McKenry has been given the nickname "Fort McKenry" or simply "The Fort" by fans and media in Pittsburgh due to his defensive skills behind the plate as the Pirates' catcher and the similarity of his name to Fort McHenry, the famous fort in Baltimore known for its role in the War of 1812.

On April 14, 2013 McKenry posted his first multi-homer game in the major leagues as he hit 2 home runs, rallying the Pirates to a 10-7 win over the Cincinnati Reds. On July 30, 2013, McKenry underwent knee surgery to repair a torn meniscus and was ruled out for the rest of the 2013 season.

On December 2, 2013, the Pirates acquired Chris Stewart from the New York Yankees, and designated McKenry for assignment. He was non-tendered by the Pirates later that day, becoming a free agent.

===Colorado Rockies (second stint)===
On January 16, 2014, McKenry signed a minor league contract with the Colorado Rockies. On March 20, the Rockies selected McKenry's contract after he made the Opening Day roster as Wilin Rosario's backup catcher. In 57 games for the Rockies, he batted .315/.398/.512 with eight home runs and 22 RBI.

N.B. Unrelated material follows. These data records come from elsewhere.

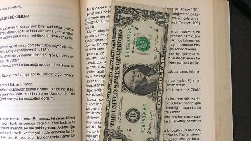 Gözaltına alınan bir zabıt katibinin evinde yapılan aramada, kitap içine saklanmış "B" serisi 1 dolar ele geçirildi.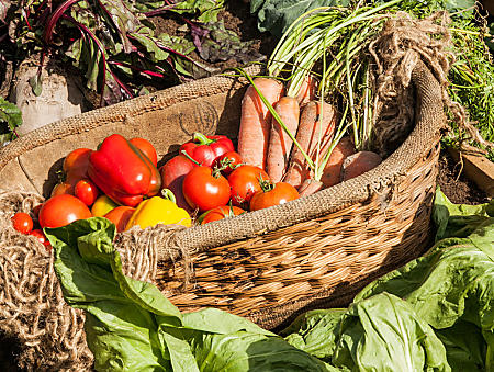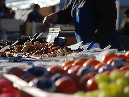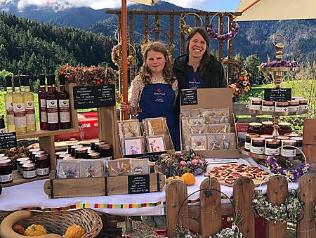 Angolo dei prodotti: confetture di frutta, spezie a base di erbe, frutta fresca di stagione ...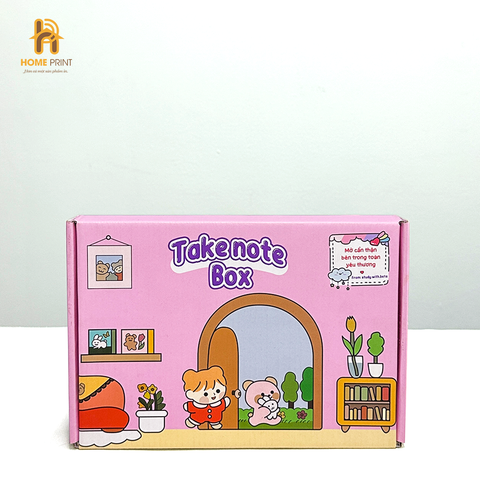 Hộp giấy đựng Take Note Study With Beta với thiết kế dễ thương, toàn bộ hộp được bao phủ bởi màu hồng nhạt nịnh mắt, cùng các hình ảnh vui tươi được bố trí trên nền hộp tạo cho khách hàng cảm giác vui nhộn và đáng yêu.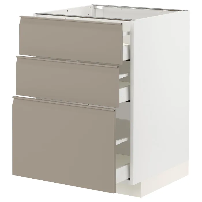 IKEA METOD / MAXIMERA(294.916.20) нижня шафа з 3 ящиками, білий/Upplöv матовий темно-бежевий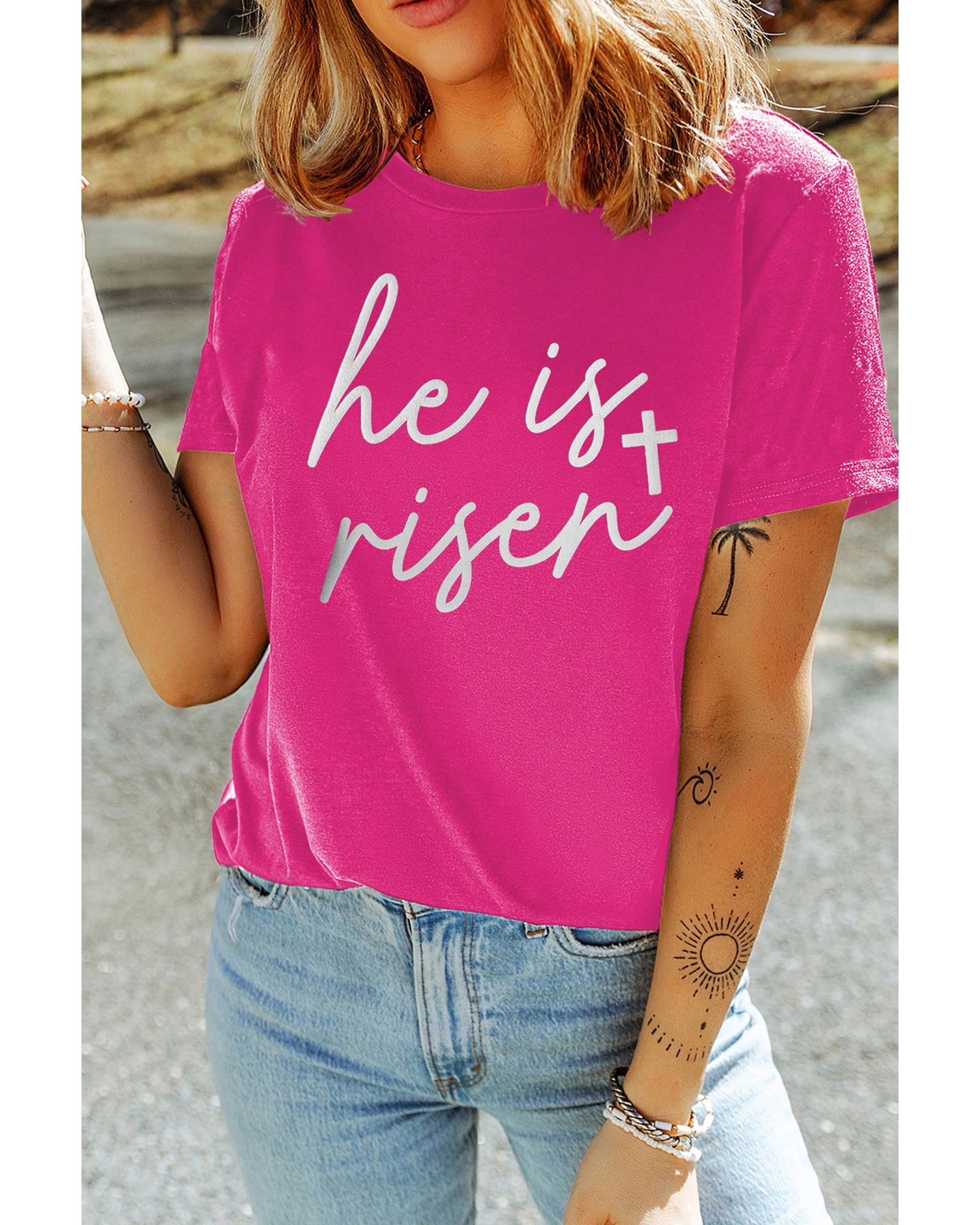 - Rose Red Glitter He is Risen Cross Printed Crewneck Tee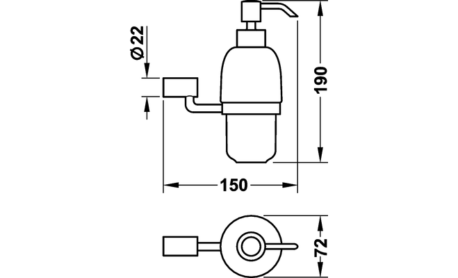 Технічні характеристики Дозатор для рідкого мила з тримачем латунь хромований полірований круглий 98062042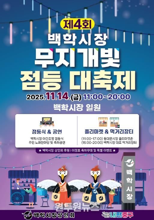 구 관계자는 “백학시장은 오랜 시간 지역 상인과 주민이 함께 지켜온 생활공간”이라며 “이번 점등식이 시장의 밤을 밝히듯, 전통시장에 새로운 활력을 불어넣고 보다 많은 방문객이 찾아오는 계기가 되길 바란다”고 전했다.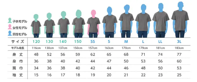オリジナルTシャツサイズ表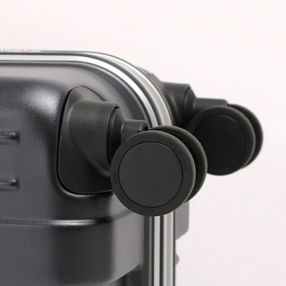 HINOMOTO製ストッパー付き静音キャスター「SILENT RUN」を採用。振動と騒音を抑え、空港や街中での移動がスムーズです。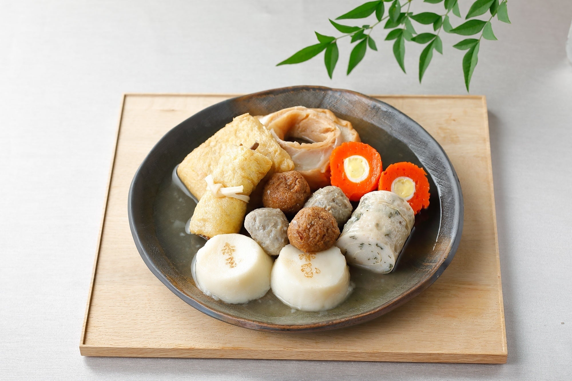 (カニ面・車麩・肉いなり・赤玉ばくだん・信田巻・金時草湯葉巻×各1、肉団子・にぎすつみれ・海老しんじょう×各2 計9種12個・出汁500㎖)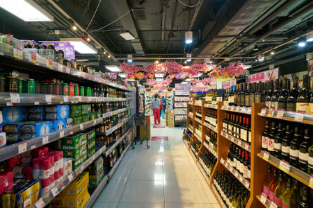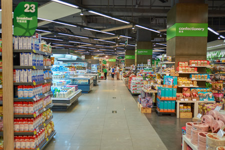 SHENZHEN, CHINA - JANUARY 22, 2015: supermarket interior in ShenZhen. ShenZhen is regarded as one of the most successful Special Economic Zones.

McKenry played in 58 games for Colorado in 2015, slashing .205/.329/.402 with four home runs and 17 RBI. On October 14, 2024, McKenry was removed from the 40–man roster and sent outright to the Triple–A Albuquerque Isotopes; he subsequently rejected the assignment and elected free agency.

===Texas Rangers===
On December 30, 2015, McKenry signed a minor league contract with the Texas Rangers. He played in 13 games for the Triple–A Round Rock Express, slashing .220/.389/.342 with no home runs and nine RBI. On May 14, 2016, McKenry opted out of his contract and became a free agent.

===St. Louis Cardinals===
On May 27, 2016, McKenry signed a minor league contract with the St. Louis Cardinals. On July 7, the Cardinals selected McKenry's contract, adding him to their active roster. He logged two plate appearances for St. Louis before he was designated for assignment on July 19. He elected free agency on July 22.

===Atlanta Braves===
On July 22, 2016, McKenry signed a minor league contract with the Atlanta Braves. In 14 games for the Triple–A Gwinnett Braves, he batted .267/.365/.378 with one home run and three RBI.

===Milwaukee Brewers===
On August 15, 2016, McKenry was traded to the Milwaukee Brewers in exchange for an unknown return. In 14 games for the Triple–A Colorado Springs SkySox, he batted .250/.500/.406 with one home run and six RBI. McKenry elected free agency following the season on November 7.

===Tampa Bay Rays===
On December 16, 2016, McKenry signed a minor league contract with the Tampa Bay Rays. He spent the 2017 season with the Triple–A Durham Bulls, playing in 74 games and hitting .209/.338/.324 with 4 home runs and 25 RBI. McKenry elected free agency following the season on November 6.

==Post-playing career==
On February 2, 2018, McKenry announced his retirement to join MTSU as the director of player development. On February 9, 2018, the Pittsburgh Pirates announced he would serve as a studio analyst on the team's pregame and postgame shows.

==Personal life==
McKenry is the son of Cliff and Shelia McKenry. He married his wife, Jaclyn, in 2008.

In 2025, McKenry filed a lawsuit against a right wing media company, alleging they failed to repay a $15,000 startup loan and significantly misrepresented their online reach. The company described themselves as "an uncensored platform empowering (Second Amendment) creators to thrive without censorship. Cancel-proof and purpose-built, it champions freedom, community and revenue generation, standing against big tech’s attack on the firearm industry.” A review of 65 videos posted on the site revealed the videos had accumulated a total of 103 views.